In building his case, Willard spins two tales. The first I will call the "Rousseau Story." This tale is a nightmare. It is a vision of a tyrannical Rousseau in contemporary times. He is firing the flames of ethnic, religious, and nationalist hatreds in the name of political authenticity. In all its particulars, the Rousseau Story is a tragedy. The human quest for community is a tragic flaw. "Historic peoples," Willard reports, "are recovering their rich cultural heritages by slaughtering their neighbors - in Azerbaijan, Slovenia, Croatia, Moldova, South Ossetia, Nagorno-Karabakh, and further afield, in Angola, Burundi, Rawanda, Zaire, Turkey, the Sudan, Bhutan, Sri Lanka, and Paua New Guinea. Identity, apparently, abhors a vacuum, and when people set out to fill this void, they often fill it with corpses" (p. 3).

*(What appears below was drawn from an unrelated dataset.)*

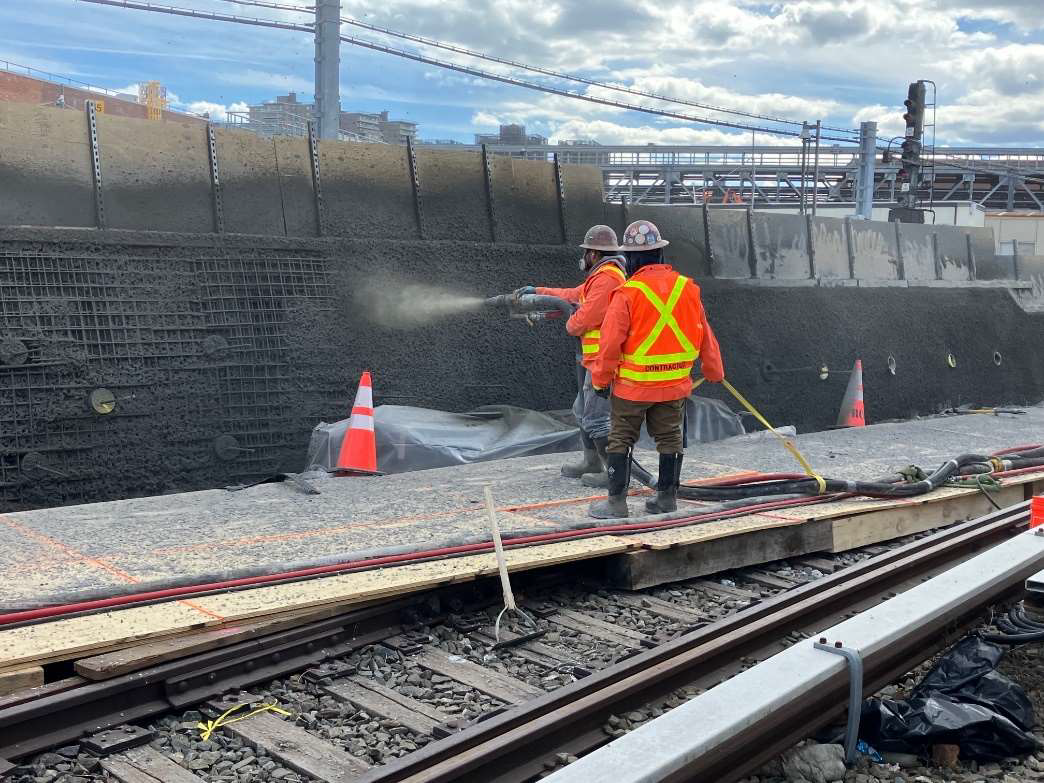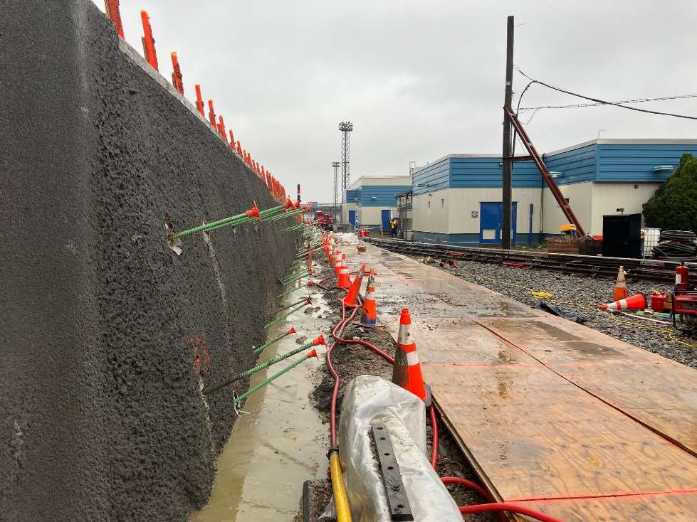 Coney Island Yard involved designing and constructing a new retaining wall system on the track-side fascia of the existing crib wall, including the removal of temporary wooden structural elements and deteriorated concrete. Structural components were reinforced and replaced. New bridge clips, wire baskets, and contact rail appurtenances were installed, and existing light fixtures along with associated conduits were replaced. The project also included maintaining and protecting existing signal equipment and traction power cables, as well as performing track alignment testing.

The Rousseau Story is familiar. It is the old tale of melting pot anxiety. The melting pot is supposed to protect American society from the importation of old-world hatreds. Yet, nagging at the liberal mind is the fear that without these sources of identity a hedonistic individualism will take root. Americans without roots will become more consumers than citizens. The resultant loss of cultural identity will lead citizens to search for authenticity in their politics. Willard offers as a representative anecdote Hillary Rodham Clinton's call for a "politics of meaning." She cries for America to awake from "a sickness of the soul"; she says that material well-being is not enough, "that we lack at some core level meaning in our individual lives and meaning collectively"; she describes us as "crippled by alienation and despair and hopelessness"; and she prescribes a redefinition of "what it means to be a human being in the twentieth century, moving into a new millennium" (p. 40). Unfortunately, this humane undertaking eventually feeds on the most convenient sources of identity - religion, ethnicity, nationalism, and race. The hunger for community and authenticity is a slippery slope to balkanization.

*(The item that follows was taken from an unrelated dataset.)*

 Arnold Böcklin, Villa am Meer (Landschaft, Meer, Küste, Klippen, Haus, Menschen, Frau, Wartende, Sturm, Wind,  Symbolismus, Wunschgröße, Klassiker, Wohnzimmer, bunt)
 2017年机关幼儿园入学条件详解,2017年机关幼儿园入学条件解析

The second tale I call the "Incompetence Story." This tale is less frightening than the first, but it is no less a narrative of dysfunction. The drama is set against the "complexity" of the modem welfare state. The complexity of the scene means that "no single intelligence can grasp" the competing expert claims about its condition; "no panoptic, overarching point of view is available to tie all the loose ends together" (p. 5). This story is about the failed liberal attempts to graph "the problem of knowledge" and the resultant lesson of "why states blunder rather more than they should and why their decisions are often less rational than we would like" (p. 5). The Incompetence Story is a comedy. The buffoonish characters at the play's outset - disciplinary experts, policy analysts, politicians, and a woefully unprepared public - act out a Keystone Cops' attempt at governing. They communicate in a babble of incommensurable discourses. As the action proceeds, however, these disparate actors find a political Esperanto, the discourse of epistemics. In the end, the babble of tongues becomes translatable as these travelers from various different knowledge fields begin to talk reasonably to one another.

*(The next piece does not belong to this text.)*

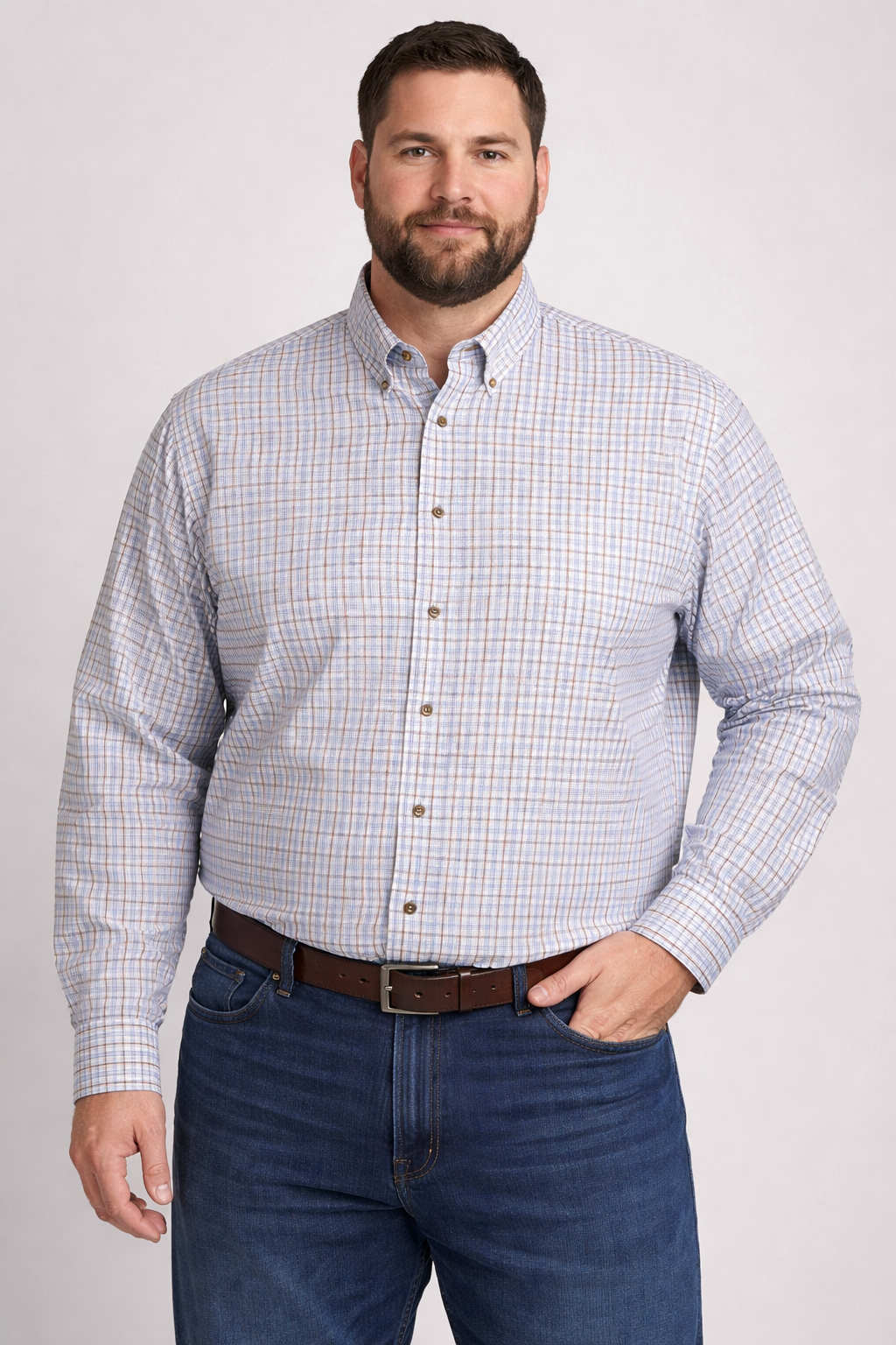 The F/X Fusion Big & Tall, 100% Cotton Check Sport Shirt offers a crisp, clean look with all-day comfort. Made from soft, breathable cotton, this shirt is perfect for both professional settings and formal occasions. Its tailored fit and classic design ensure a sharp, sophisticated appearance.

The Incompetence Story is also familiar. I first encountered a variation of it in Daniel Bell's End of Ideology. Bell (1962), writing at the end of the fifties, proclaims that "in the West, among the intellectuals, the old passions are spent. The new generation, with no meaningful memory of these old [ideological] debates, and no secure tradition to build upon, finds itself seeking new purposes within a framework of political society that has rejected, intellectually speaking, the old apocalyptic and chiliastic visions" (p. 404). "But the problem," Bell continues, "is that the old politico-economic radicalism . . . has lost its meaning, while the stultifying aspects of contemporary culture (e.g., television) cannot be redressed in political terms" (p. 404). At the end of ideology, "few serious minds believe any longer that one can set down 'blueprints' and through 'social engineering' bring about a new utopia of social harmony. At the same time, the older 'counter-beliefs' have lost their intellectual force as well. Few 'classic' liberals insist that the state should play no role in the economy, and few serious conservatives . . . believe that the Welfare State is the 'road to serfdom'" (p. 402).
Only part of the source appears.